■ TASK TO CARRY OUT: From the listing below, output the lines between the one with "und voller Lebensfreude." and the one with "Mempunyai lampu berputar", including those two, and nothing else. Pictures are not copied.

■ PROVIDED INFORMATION:
________

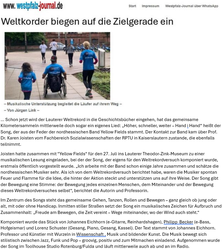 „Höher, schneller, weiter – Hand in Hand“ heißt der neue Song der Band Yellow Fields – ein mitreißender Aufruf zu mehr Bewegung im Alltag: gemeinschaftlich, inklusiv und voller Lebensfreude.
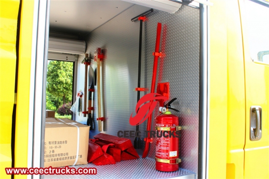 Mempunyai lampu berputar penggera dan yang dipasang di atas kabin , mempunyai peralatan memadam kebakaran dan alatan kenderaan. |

________

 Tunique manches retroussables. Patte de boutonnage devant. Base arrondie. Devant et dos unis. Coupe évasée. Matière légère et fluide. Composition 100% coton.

________

■ RESPONSE AREA:
 „Höher, schneller, weiter – Hand in Hand“ heißt der neue Song der Band Yellow Fields – ein mitreißender Aufruf zu mehr Bewegung im Alltag: gemeinschaftlich, inklusiv und voller Lebensfreude.
 Mempunyai lampu berputar penggera dan yang dipasang di atas kabin , mempunyai peralatan memadam kebakaran dan alatan kenderaan. |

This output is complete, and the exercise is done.